Did you know suicide was found to be the 5th most common cause of death both during pregnancy and 6 weeks after birth? That’s 1 in 6 women.
In 2018, a study found suicide was the leading cause of death during the first year after pregnancy. 91% of new mothers experience intrusive thoughts.
Postnatal depression affects more than 1 in 10 women in the first year post-birth. It definitely affected me. I felt safe in my home but overwhelmed by the confines of 4 walls. I loved spending time with friends and family, but was quickly exhausted by it. My patience wore thin all the time. I felt overwhelmed by being touched, suffocated by clothes being just slightly too tight, even physically seeing people rush around made me grit my teeth.
I was 1 in 10.
The months following the birth of my son I felt like a completely different person, the old part of me watching in disgust of the person I had become. Postnatal depression affected everything from my sleep to the way I ate. I craved ‘feel good’ foods constantly and I put on a lot of weight very quickly. I’d tuck into my fourth chocolate bar whilst simultaneously telling myself I was disgusting and I didn’t deserve to eat. I didn’t have the energy (physically or mentally) to cook a proper meal.
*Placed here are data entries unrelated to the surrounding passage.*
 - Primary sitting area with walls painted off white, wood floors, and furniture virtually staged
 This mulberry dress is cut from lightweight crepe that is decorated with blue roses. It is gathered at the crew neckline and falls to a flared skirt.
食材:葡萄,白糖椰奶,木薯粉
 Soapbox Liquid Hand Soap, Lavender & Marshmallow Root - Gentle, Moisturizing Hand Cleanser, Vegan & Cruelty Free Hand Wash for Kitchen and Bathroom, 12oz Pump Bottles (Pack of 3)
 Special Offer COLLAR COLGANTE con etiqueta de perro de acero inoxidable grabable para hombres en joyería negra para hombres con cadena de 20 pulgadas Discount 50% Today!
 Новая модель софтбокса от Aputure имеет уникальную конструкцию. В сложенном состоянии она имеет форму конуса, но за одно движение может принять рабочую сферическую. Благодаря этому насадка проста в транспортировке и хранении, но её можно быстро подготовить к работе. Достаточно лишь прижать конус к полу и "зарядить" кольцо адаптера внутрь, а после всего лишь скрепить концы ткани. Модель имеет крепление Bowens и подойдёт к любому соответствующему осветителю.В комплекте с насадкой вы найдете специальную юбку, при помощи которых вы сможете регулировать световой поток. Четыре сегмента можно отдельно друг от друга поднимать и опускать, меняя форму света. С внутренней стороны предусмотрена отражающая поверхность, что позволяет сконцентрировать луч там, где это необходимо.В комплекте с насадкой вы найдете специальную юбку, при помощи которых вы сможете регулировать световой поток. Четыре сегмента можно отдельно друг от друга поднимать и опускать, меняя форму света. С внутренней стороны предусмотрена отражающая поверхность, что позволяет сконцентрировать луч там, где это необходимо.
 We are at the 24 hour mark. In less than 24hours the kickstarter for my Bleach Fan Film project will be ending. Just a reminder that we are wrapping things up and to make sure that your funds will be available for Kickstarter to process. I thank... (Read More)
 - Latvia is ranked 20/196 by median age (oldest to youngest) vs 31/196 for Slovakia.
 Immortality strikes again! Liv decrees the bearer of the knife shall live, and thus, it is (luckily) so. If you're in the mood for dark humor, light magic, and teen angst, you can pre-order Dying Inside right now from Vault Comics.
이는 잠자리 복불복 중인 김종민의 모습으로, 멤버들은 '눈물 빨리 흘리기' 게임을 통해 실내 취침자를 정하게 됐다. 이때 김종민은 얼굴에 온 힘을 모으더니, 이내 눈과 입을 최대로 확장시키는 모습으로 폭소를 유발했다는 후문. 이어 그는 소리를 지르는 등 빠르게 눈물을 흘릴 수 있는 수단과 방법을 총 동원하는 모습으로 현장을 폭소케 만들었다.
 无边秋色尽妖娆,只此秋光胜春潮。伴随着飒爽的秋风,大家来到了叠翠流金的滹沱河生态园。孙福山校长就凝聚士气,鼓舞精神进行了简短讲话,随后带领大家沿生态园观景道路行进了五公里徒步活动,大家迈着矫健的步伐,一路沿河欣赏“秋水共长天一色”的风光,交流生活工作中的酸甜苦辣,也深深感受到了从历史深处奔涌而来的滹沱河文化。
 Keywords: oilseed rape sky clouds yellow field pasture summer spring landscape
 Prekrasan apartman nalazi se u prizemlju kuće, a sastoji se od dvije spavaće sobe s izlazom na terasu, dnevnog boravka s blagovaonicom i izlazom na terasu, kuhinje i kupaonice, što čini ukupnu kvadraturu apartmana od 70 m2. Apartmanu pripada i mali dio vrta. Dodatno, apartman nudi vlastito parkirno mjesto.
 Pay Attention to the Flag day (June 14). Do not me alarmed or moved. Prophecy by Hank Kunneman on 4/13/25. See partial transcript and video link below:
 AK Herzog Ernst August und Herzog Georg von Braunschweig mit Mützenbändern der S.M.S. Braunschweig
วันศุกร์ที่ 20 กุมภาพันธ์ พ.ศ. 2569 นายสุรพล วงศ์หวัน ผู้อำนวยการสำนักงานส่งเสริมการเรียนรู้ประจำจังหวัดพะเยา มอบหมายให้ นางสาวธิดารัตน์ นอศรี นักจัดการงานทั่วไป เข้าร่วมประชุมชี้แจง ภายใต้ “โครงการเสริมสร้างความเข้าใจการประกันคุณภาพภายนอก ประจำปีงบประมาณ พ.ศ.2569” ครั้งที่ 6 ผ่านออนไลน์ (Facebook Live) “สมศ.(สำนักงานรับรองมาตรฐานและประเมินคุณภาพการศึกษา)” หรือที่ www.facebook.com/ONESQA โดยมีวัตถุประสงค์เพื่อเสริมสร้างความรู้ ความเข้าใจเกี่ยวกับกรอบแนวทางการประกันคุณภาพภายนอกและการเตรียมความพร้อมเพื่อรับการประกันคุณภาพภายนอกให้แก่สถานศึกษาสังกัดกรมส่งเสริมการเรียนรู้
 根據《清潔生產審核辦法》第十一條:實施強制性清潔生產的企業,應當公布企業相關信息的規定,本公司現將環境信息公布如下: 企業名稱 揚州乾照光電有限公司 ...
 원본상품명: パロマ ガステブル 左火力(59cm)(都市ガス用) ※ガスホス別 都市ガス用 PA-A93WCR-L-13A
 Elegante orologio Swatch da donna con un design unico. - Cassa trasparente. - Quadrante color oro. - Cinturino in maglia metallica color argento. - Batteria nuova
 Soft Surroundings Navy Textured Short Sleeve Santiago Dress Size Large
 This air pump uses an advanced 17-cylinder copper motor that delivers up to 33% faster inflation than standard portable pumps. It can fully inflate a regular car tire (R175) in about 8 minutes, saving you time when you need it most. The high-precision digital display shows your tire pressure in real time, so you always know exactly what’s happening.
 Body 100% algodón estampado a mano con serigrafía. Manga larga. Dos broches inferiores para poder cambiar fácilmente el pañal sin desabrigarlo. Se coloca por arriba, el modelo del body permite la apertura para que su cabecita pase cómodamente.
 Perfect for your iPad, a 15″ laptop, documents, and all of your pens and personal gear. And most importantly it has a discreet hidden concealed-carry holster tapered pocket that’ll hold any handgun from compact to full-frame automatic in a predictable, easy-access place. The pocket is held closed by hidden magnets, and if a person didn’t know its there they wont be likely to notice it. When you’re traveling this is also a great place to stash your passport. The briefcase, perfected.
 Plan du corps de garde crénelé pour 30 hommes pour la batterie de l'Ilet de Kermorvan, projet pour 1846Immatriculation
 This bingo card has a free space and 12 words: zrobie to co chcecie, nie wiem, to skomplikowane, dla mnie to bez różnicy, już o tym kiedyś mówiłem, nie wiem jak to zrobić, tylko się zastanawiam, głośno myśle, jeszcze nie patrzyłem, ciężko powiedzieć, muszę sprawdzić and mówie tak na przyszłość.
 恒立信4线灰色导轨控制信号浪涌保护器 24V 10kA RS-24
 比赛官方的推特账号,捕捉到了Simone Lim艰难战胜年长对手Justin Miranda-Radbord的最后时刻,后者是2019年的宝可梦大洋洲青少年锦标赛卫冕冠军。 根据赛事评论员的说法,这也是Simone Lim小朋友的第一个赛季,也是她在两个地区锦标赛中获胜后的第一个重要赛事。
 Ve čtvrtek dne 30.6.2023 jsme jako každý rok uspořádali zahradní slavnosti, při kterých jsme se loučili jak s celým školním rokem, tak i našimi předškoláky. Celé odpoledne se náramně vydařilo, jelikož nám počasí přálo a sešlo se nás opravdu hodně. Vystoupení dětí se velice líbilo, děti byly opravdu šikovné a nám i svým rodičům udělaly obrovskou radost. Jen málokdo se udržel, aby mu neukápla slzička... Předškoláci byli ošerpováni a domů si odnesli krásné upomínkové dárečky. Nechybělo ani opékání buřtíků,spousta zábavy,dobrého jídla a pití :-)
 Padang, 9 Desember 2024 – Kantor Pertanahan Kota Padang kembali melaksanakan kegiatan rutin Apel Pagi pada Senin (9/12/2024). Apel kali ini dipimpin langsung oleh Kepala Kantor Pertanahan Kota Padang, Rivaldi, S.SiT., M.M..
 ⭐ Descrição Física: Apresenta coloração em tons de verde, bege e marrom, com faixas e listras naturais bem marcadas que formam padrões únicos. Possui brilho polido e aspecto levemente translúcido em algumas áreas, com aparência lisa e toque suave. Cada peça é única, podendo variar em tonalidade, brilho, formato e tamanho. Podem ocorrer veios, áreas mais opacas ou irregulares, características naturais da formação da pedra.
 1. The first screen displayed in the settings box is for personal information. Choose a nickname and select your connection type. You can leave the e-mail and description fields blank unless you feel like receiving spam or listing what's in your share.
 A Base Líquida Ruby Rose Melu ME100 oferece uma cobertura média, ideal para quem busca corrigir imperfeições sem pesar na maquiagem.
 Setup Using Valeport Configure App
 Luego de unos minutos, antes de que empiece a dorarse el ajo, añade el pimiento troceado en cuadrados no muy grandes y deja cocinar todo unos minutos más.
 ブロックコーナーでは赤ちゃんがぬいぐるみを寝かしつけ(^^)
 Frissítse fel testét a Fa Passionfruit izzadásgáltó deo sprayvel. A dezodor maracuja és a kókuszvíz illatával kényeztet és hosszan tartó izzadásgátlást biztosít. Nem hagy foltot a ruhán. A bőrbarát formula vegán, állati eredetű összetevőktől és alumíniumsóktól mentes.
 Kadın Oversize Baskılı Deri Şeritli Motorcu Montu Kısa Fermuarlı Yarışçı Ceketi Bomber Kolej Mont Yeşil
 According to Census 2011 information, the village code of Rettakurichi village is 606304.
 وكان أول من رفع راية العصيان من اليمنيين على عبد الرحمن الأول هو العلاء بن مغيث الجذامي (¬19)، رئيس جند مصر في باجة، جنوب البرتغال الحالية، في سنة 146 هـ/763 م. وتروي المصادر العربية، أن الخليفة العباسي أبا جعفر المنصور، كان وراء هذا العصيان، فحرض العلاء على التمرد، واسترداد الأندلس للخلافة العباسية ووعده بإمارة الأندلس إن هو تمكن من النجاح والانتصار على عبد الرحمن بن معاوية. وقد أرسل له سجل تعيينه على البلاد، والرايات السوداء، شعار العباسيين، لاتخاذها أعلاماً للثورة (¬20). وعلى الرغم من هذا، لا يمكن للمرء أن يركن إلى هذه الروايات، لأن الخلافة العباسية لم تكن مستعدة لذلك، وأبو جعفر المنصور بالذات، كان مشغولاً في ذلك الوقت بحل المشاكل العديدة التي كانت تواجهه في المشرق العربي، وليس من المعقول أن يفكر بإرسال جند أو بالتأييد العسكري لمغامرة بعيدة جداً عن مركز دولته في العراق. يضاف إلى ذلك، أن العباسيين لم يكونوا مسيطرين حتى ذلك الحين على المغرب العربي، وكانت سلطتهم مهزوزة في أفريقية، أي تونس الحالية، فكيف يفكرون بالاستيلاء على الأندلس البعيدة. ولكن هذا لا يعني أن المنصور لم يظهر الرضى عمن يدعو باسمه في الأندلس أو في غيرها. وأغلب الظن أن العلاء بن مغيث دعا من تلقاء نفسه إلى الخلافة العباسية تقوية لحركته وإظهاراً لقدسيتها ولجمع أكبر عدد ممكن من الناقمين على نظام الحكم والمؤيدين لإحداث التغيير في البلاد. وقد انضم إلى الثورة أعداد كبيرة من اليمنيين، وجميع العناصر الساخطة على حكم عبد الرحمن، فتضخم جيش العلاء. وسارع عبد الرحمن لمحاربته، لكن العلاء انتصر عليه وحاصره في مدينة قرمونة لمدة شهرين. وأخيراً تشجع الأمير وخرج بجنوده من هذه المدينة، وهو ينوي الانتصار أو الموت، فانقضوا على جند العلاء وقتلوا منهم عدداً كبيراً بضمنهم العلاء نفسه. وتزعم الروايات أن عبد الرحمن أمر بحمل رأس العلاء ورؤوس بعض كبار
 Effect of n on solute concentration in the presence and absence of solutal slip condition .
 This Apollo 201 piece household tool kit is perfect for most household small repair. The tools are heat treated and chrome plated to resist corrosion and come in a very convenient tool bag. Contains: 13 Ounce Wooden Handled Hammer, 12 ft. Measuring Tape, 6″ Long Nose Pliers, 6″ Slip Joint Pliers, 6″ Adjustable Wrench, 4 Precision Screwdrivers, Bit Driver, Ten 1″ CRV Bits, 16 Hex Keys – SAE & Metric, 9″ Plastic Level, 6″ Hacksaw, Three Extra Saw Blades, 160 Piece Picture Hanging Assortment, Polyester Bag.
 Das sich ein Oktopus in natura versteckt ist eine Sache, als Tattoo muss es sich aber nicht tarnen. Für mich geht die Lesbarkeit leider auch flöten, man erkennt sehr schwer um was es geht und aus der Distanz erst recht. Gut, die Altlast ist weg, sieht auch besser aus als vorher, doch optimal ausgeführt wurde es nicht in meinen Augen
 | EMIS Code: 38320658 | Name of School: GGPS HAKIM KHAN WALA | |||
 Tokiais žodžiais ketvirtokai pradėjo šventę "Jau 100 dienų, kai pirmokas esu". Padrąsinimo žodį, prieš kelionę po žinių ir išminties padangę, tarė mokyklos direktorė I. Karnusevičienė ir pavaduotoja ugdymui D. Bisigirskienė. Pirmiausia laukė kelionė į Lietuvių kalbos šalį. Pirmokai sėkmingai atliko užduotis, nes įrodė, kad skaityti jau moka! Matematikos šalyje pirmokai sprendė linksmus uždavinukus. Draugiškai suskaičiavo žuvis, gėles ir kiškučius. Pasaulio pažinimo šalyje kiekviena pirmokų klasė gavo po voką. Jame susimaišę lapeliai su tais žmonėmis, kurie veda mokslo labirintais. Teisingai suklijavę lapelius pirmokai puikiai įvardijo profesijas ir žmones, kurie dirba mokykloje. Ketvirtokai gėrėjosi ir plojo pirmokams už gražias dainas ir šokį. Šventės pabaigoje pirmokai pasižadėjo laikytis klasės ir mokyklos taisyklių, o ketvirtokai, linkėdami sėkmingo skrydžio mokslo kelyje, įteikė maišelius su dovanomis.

My hair fell out and left me with bold patches. I cried every day, multiple times a day. Sometimes I even felt angry when Tristan was ready for a feed. This was magnified during cluster-feeding periods where I was sick and tired of being touched or even having somebody sit too close to me. I both loved and hated my new life.
I felt lonely all the time. I could easily go days only jabbering away to Tristan in that overenthusiastic, over excitable mum voice that would get his attention and make him smile. I got a lot of my socialisation from my job and all of a sudden there I was, talking my non-speaking, non-understanding child through what we were doing throughout the day. Very little adult conversation or interactions. I felt trapped and suffocated at home, yet I struggled to leave the house and any time I stepped out of the front door I felt like my chest would cave in and I couldn’t get enough air in my lungs. I just wanted to go to sleep and never wake up.
During my pregnancy, I had more appointments than I could count. I saw a midwife every 3-5 weeks, I saw doctors, mental health nurses and cardiologists. Postpartum, I had very few.
Reach out to your friends, family members, coworkers, even your neighbours. Ask them how their baby is, but also focus on how they are doing. How do they feel?